CALIFORNIA—According to lab results released on Friday, June 26 by Plains All American Pipeline, some of the tar washing into Southern California beaches matches the spilled crude oil released from a ruptured pipeline offshore.

On May 19, the Houston-based corporation sent 21,000 gallons of crude oil into the California coastline. Plains claims to have spent $96 million cleaning up the spill. Senior Director of Safety and Security for the company, Patrick Hodgins, said “Although 94 percent of the impacted shoreline has reached its end-point clean-up objective, we recognize that the last 6 percent will be the hardest. I assure you that we will stick with this cleanup until it is done.”

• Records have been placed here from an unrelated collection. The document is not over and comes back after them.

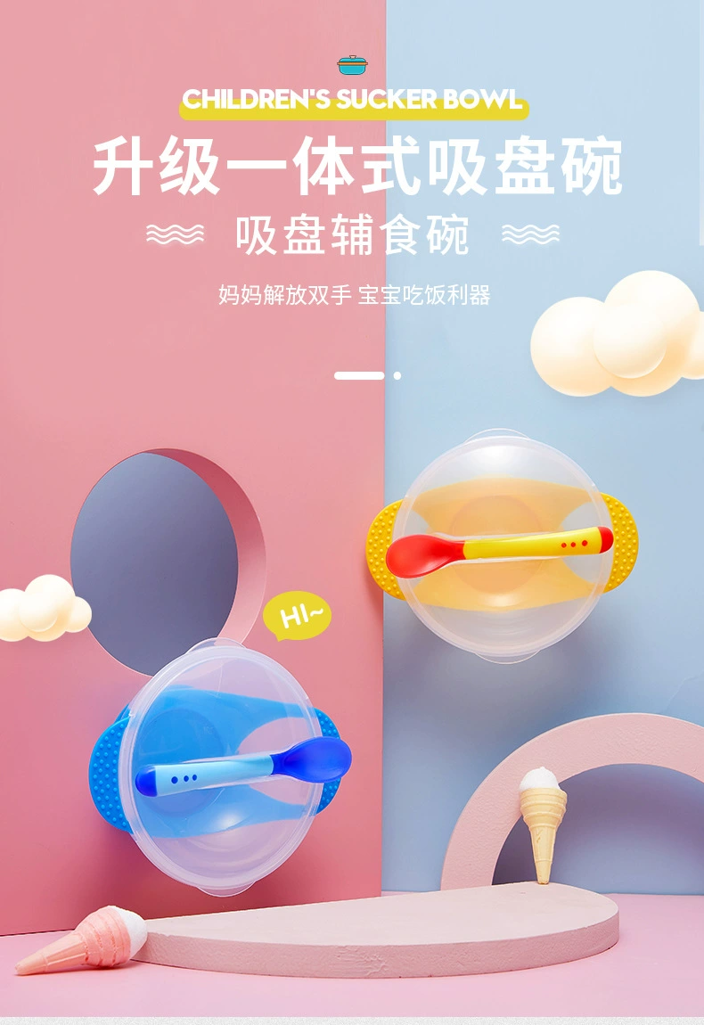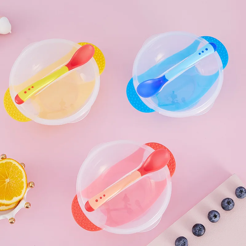 Детская миска для еды, обучающая посуда, чувствительная ложка для кормления, тарелкаподнос, набор детской посуды на присоске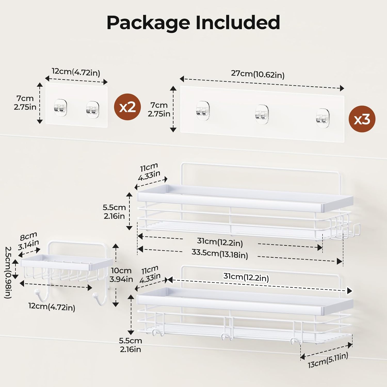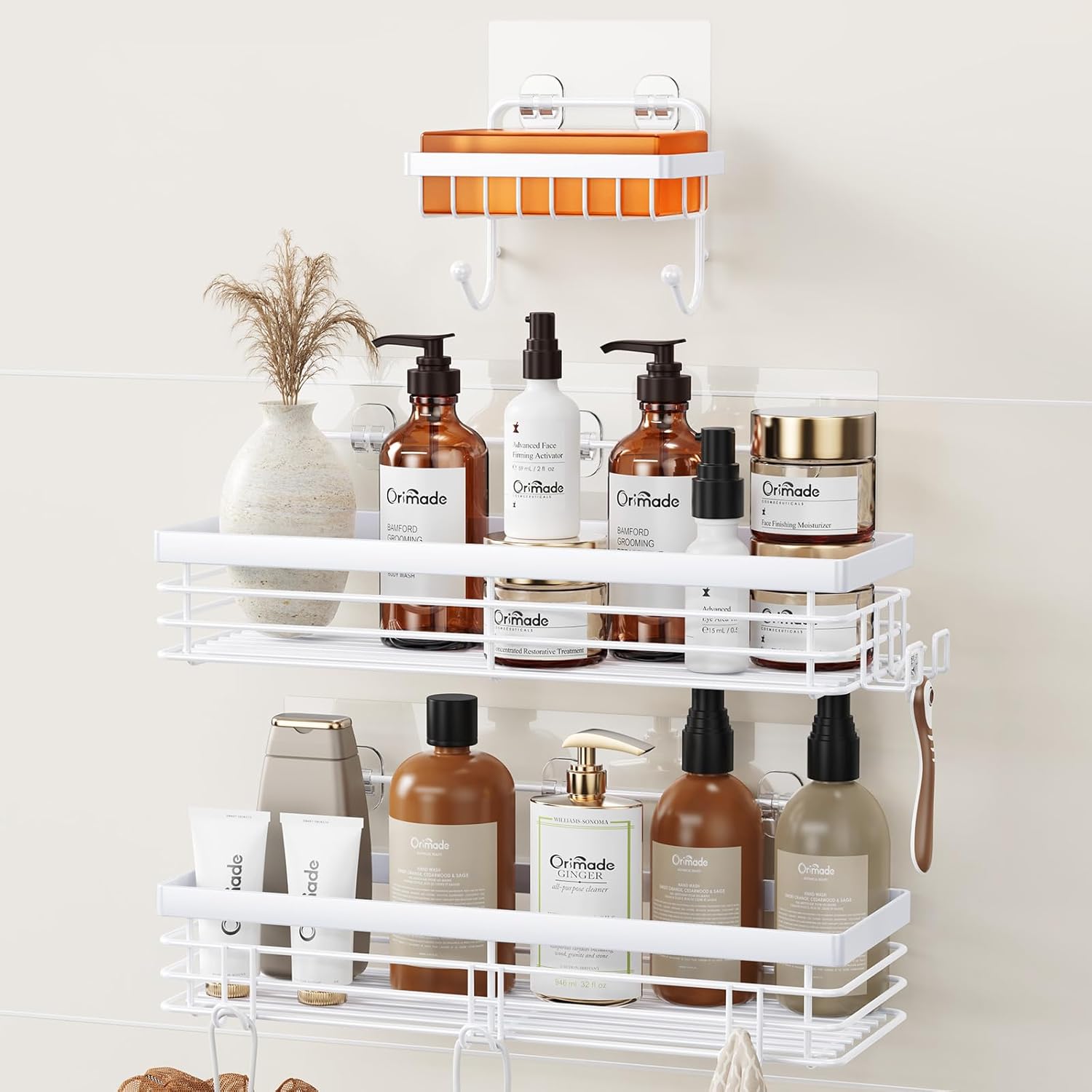 Orimade Adhesive Shower Caddy Soap Dish Holder Shelf with 5 Hooks Bathroom Organizer Basket Kitchen Storage Rack Wall Mounted No Drilling Stainless Steel - 3 Pack, White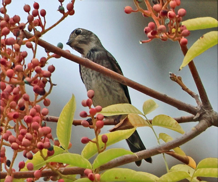 In mid-September, Santa Clara County hosted a Dark-sided Flycatcher (Muscicapa sibirica) in Palo Alto. The species breeds north into Siberia (sometimes called "Siberian Flycatcher") and migrates to southeast Asia. This was an unexpected first for California and for the lower continental 48 states! Such a "mega" rarity was chased by birders from across the continent. It was found on a Wednesday (17 Sep), but only Bay Area observers got there that day. During the next two days (18-19 Sep), members of the Monterey and Santa Cruz birding communities made it to the Google parking lot, where the Old World flycatcher sometimes foraged in fruiting Chinese Pistache trees (ph right, 18 Sep © Don Roberson). Alas, it left before the weekend. Looking at eBird lists, I think at least 14 of the MTY birders made this successful pilgrimage. |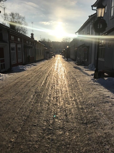 Ja ongelma on kumpuraisuus ja uurteisuus, joka johtuu suojalla ajetuista autojen pyöräurista, jotka pakkasella on jäätyneet. Hiekotus sepelit valut urienpohjalle ja niiden korkeammalla olevat kuperat kohoumat ovat vaarallisen liukkaita ja hankalia kävellä. Tiet ovat autoillekin yhtä töyssyä. Vaikea uskoa, että elämme korkean teknologisen aikakaudella.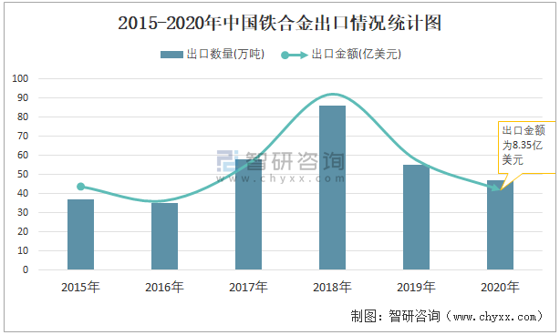 2015-2020年中國(guó)鐵合金出口情況統(tǒng)計(jì)圖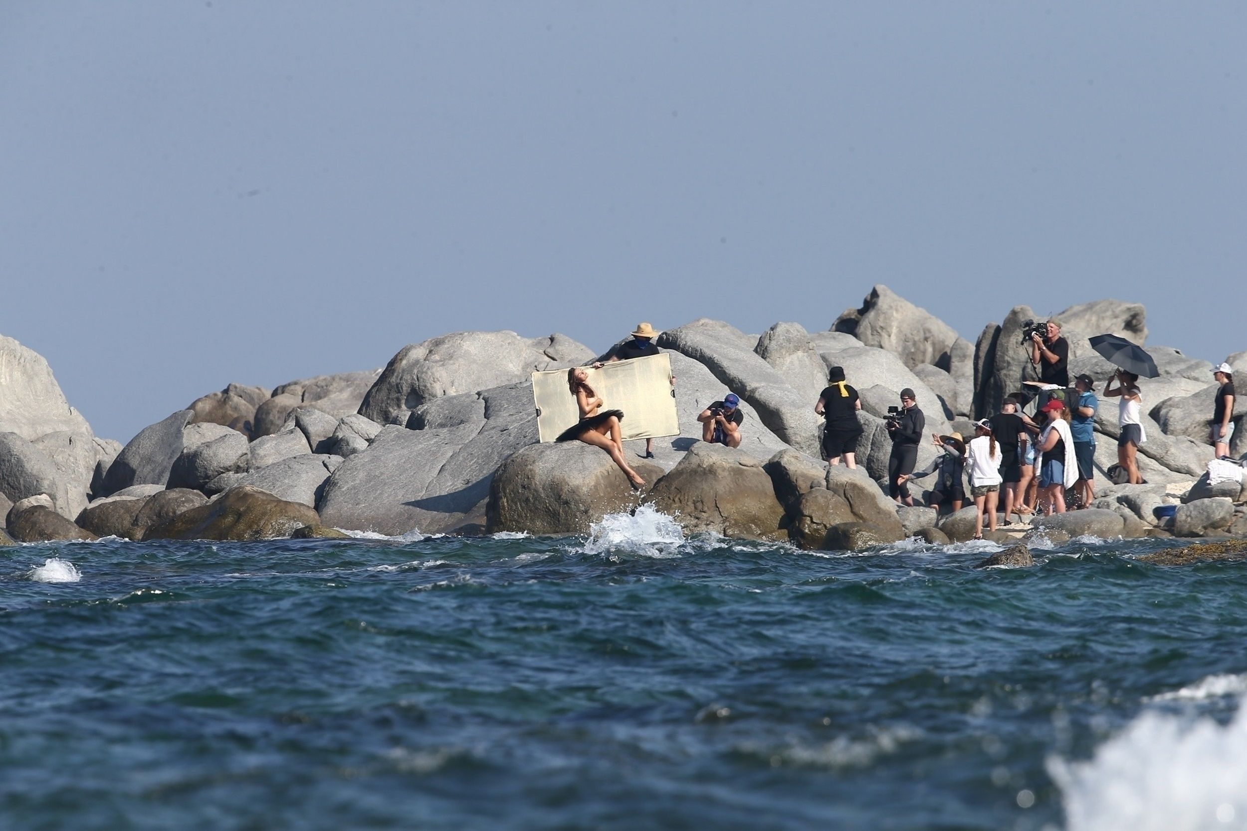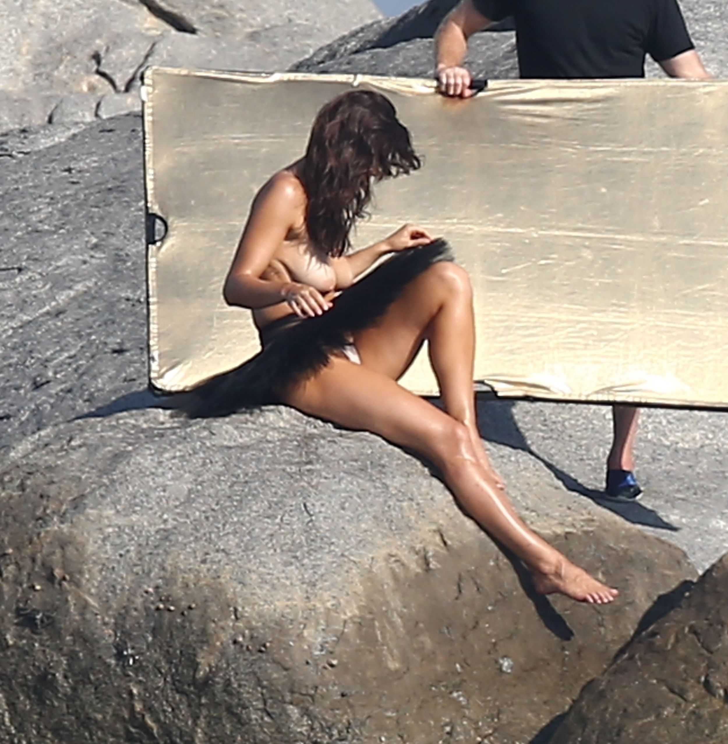 La modelo estadounidense Myla Dalbesio, de 30 años, posa topless con un tutú para una sesión fotográfica de Sports Illustrated en las costas de Aruba, 10/10/2017.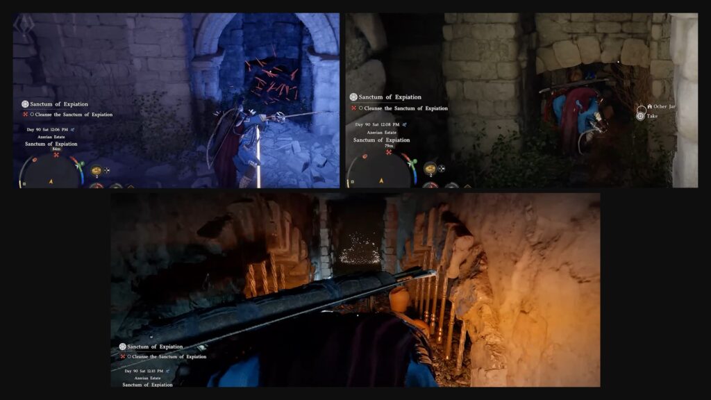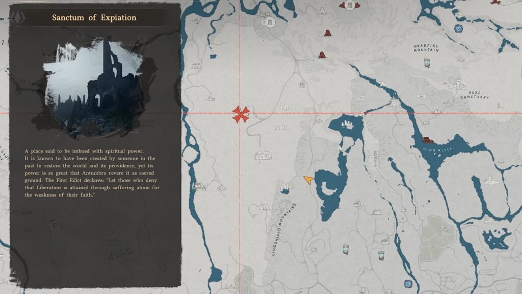 - Look for the Sanctum of Expiation, a ruin-like structure hidden within icy terrain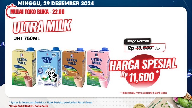 Susu UHT merek Ultra Milk 750 ml dengan varian rasa coklat, full cream, moka, dan strawberry dijual dengan harga spesial Rp 11.600/kotak dari harga awalnya Rp 16.500 per kotak.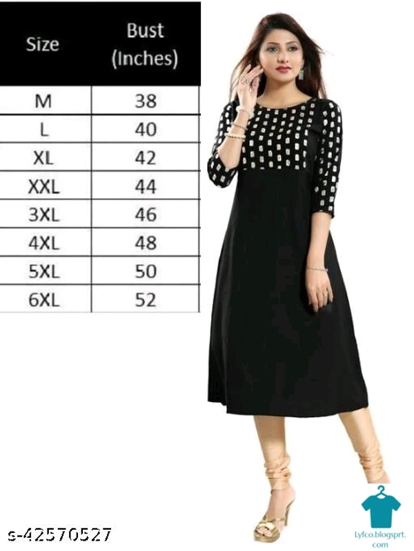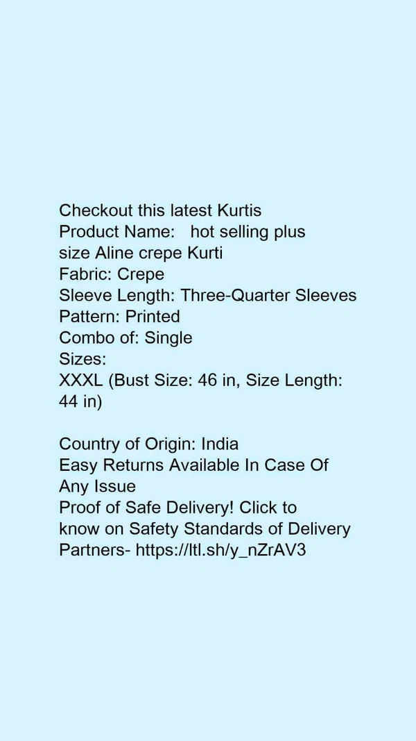 Product Name: * hot selling plus size Aline crepe Kurti*Fabric: CrepeSleeve Length: Three-Quarter SleevesPattern: PrintedCombo of: Single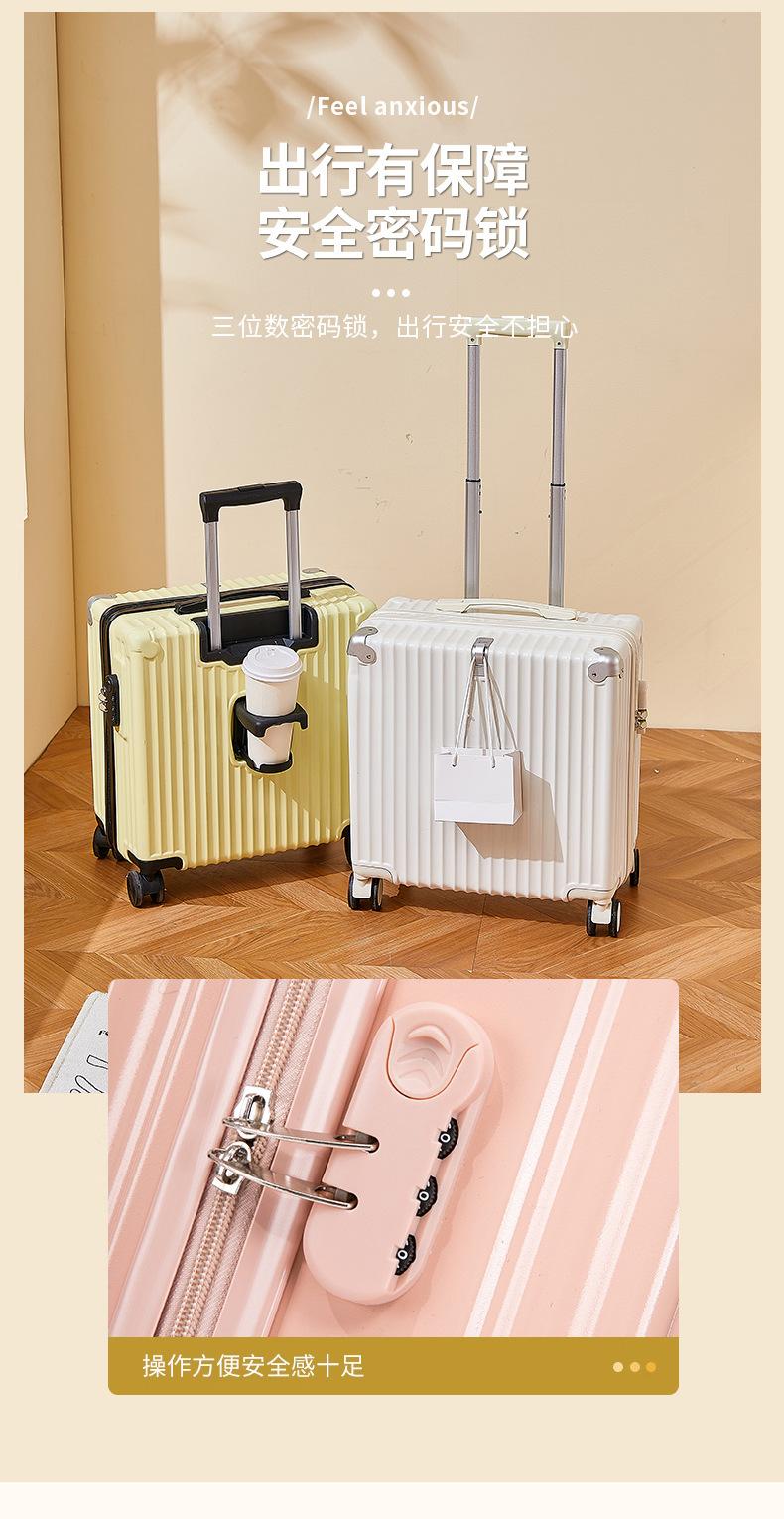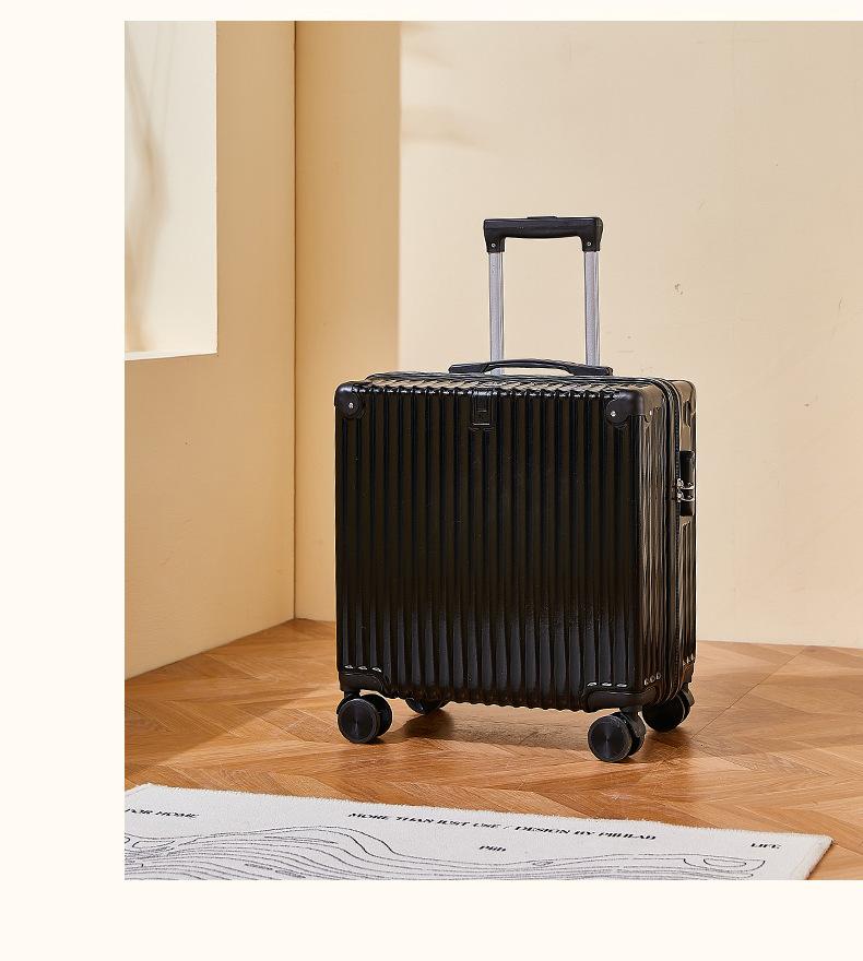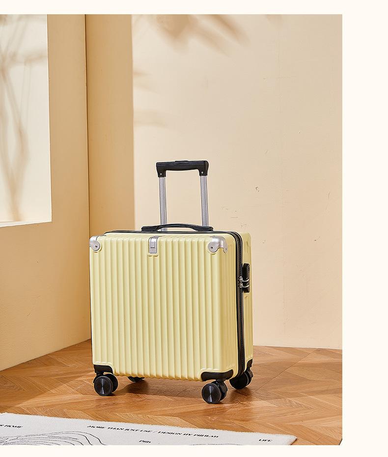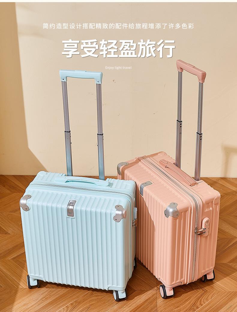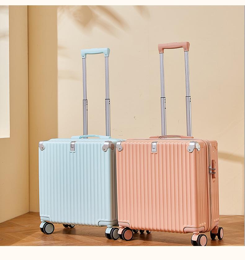 Equipaje pequeño en stock, maleta pequeña y ligera para abordar de 18 pulgadas, maleta trolley con contraseña para mujer, rueda universal silenciosa, equipaje de viaje

The results show that areas as far as a 100 miles away from the spill were affected. They described that the beaches affected during the first week of the spill, from Gaviota, California to El Capitan State Beach in Santa Barbara, no longer have petroleum globs flowing in, though tar matching Line 901 crude was collected in that area between May 19 and May 25.

Manhattan Beach in Los Angeles was reported as being unaffected by the Plains oil leak during the first week, but tar balls collected there on May 27 matched the spilled crude.

The reports were released as scrutiny of the incident by state and federal lawmakers increased and renewed questions about Plains’ swiftness in responding to the spill emerged. The House Energy and Commerce Committee has asked for the pipeline’s maintenance history and lawmakers in Washington D.C. have been investigating Plains’ timeline of the incident.